What keeps bureaucrats from acting more like jetmen? It’s not just the risk-aversion over the over-supervised. It’s also the petty tyranny of the administratively terrorized, and the casual disinterest of the chronically under-motivated. I had to sharply disagree with Maura Sullivan, the Navy’s chief of innovation, when she asserted that “it’s all about the incentives.” It’s also about staffing, education, command structures, organizational culture, and even fundamental assumptions about how militaries must do business. From the RNDF, Pete Newell of BMNT Partners (tagline: “Startups + Defense = Life-Saving Products”) may have put it best on Twitter (@peteranewell):
#Kendall on dif btw .com & .gov is .gov has a req to be fair. Last time I was shot at “being fair” isn’t what came to mind. #RNDF #DEF2015
As I wrote back in April, fairness is “an economically intractable concept.” Worse, as Colonel Newell (a former commander of the Army’s Rapid Equipping Force) points out, it’s militarily madness. ISIS does not care about fair. BMNT is on point with this; the firm sent another partner, Jackie Space, to DEF to tell us about their work connecting Silicon Valley to the Pentagon. I’m still processing her assertion that defense acquisition doesn’t require an overhaul, but just tweaking. Ultimately, I don’t care if the next new thing needs to be a jetsuit, an armored vehicle, a software suite, or a drone defense system. Whatever rulebook Defense writes for guiding its staff in making decisions about materiel, the policies mustn’t continue to be taken as convenient excuses for inaction.
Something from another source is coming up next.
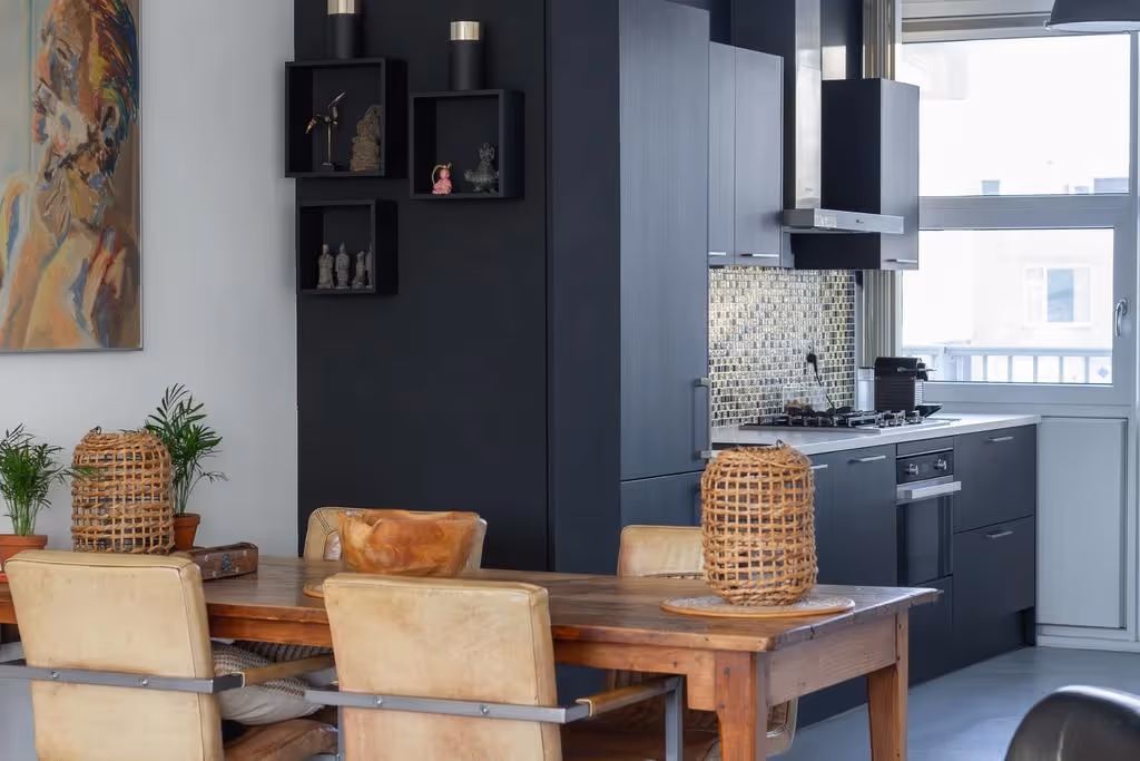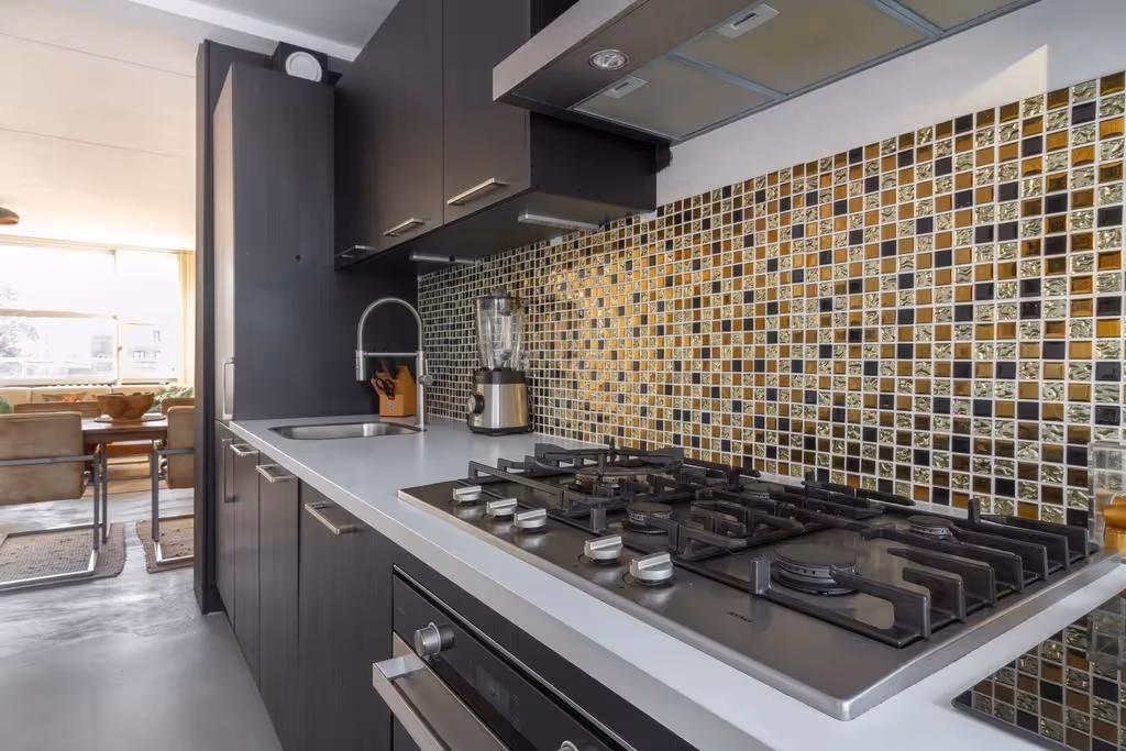 Verder heeft het appartement een moderne, stijlvolle keuken, met als inbouwapparatuur een 5-pits gasfornuis, afzuigkap, koelkast met vriesvak, combi oven en vaatwasser.

The mass drone-selfie at the conference didn’t come off, because the drone was broken and couldn’t come out. So I guess that I’m still safe from the swarms of flying killer robots. When they do show up, though, I won’t call the Pentagon for help. Because Skynet will have another hundred days in which to hunt me down while the GAO is regrading the papers.
James Hasík is a senior fellow at the Brent Scowcroft Center on International Security. The Atlantic Council was a sponsor of DEF 2015.